Page 11 of Torn

As he yanks open the door, he hears Merry grappling to stall him. “You haven’t told me your name.”

Anger pauses, one booted foot propped over the threshold. As his head pivots over his shoulder, he feels the ring in his lobe jolt. He used to wear only a stud, but he’d since added a hoop to the other ear, to serve as a reminder of who he used to be—and that he’s no longer the same.

He watches her shuffle in that crimped skirt. Those lovely hands fidget beneath the ray of a twining neon sign that says,Love.

Merry doesn’t want him to leave. She wants him to stay.

His chest clenches. When has anyone ever wished that of him?

Ire tightens his muscles all over again. This luminary yet invasive female expects too much, hopes for too much. And he detests that neon sign.

His story is personal. And he’s on nobody’s side in this city. Interacting with another living soul, even battling one, had felt invigorating. However, the contact high has worn off.

That aside, he finds himself compelled.

Notwithstanding the spring season and its flushed weather, condensation from the late hour accumulates on the double doors. For some bizarre reason, he gets impulsive—a first for him—and indulges her whim. Dragging his finger across the fogged glass, he answers her.

Anger

Then he departs to the roof. Merry’s gasp of recognition trails in his wake. So she’s heard about him, because who hasn’t, at this point? The story became widely known and must have reached the exiles as well.

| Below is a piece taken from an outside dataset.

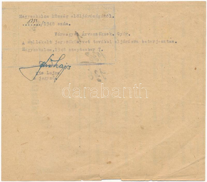 1943. "Hegyeshalom község zsírjegy" bélyegzéssel T:III https://www.darabanth.com/de/457-Fernauktion/457.0/Numismatik/Notgeld-aus-Papier-und-Metall~7/1943-Hegyeshalom-kozseg-zsirjegy-belyegzessel-TIII~II3055292
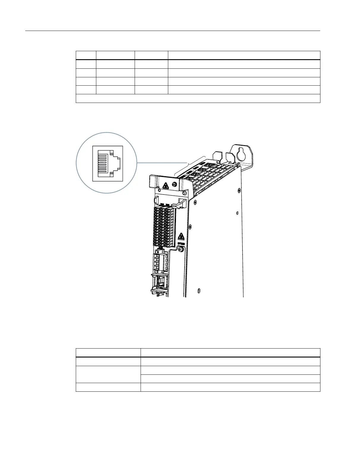 A + (24 V) VO Voltage supply for DRIVE-CLiQ, 450 mA maximum

He suspects she’s puzzling together the rest of it. That doesn’t stop him from leaving, tracking across the deck, the breeze whipping through his hair. He moves quicker than necessary, overcome with a violent urge to separate himself from that confounding young woman who has evidently forged an observatory as her home.

He doesn’t want her company. He’s not even sure that he can stand her.

But what bothers him the most is this: His hand still smarts, still reels from her touch. The act of holding hands isn’t what had caused his gut to protest.

It had been when he’d torn himself away.

Anger’s pace increases across the summit, the distance growing between him and her. This vantage point overlooks the Carnival of Stars, bringing the carousel to mind. It’s fitting that he’d met Merry there. Her personality reminds him of a pinwheel, a novelty that spins with light and music.

He shakes his head. Strange female.

He almost chuckles.

But then he tamps down the inclination. He’d lost his weapons because of her. The Fates may have stripped him of the power to regulate fury, but his longbow is a part of him. He has to get it back.

Tonight. Now.

Striking across the roof, he leaps from the observatory and lands atop the next building. And the next. And the next.

Nature plots, conservatories, and miniature gardens crowd parapets and gables. At such pinnacles, central telescopes stand vigil.

He reaches the arena of dappled trees and crosses into the carnival, which is animated with supernaturally themed motifs and stratospheric rides. It’s the mortal world’s attempt to eulogize the stars, the planets, the great unknown. Yet it cannot compare to the reality of the Peaks, the land that he came from.

Anger feels a glower mash his lips. The more he sees, the more ticked off he becomes. One wrench of a plug, and this place would lose its charm. This is not real magic, just the result of a pyrotechnics and a clique of engineers.

Whatever. He’s not interested in exploring.

His right boot takes a step, then halts at the razor’s edge of a voice. “Welcome to the Celestial City, former God of Anger.”

What does he react to more? Is itformerorGodthat stops him?

Even when he’s replaced, his title as a deity will remain—in general, at least. No one relinquishes that unless promoted to become a Guide.

And yet the proclamation stings. He’ll remain a god, but not the wielder of anger.

He turns, having anticipated this possibility, the chance that he might have company. The archer from earlier leans against a lamppost encasing tongues of blue flame, his eyes like furnaces collecting ash, his mouth twisted with diabolical elegance.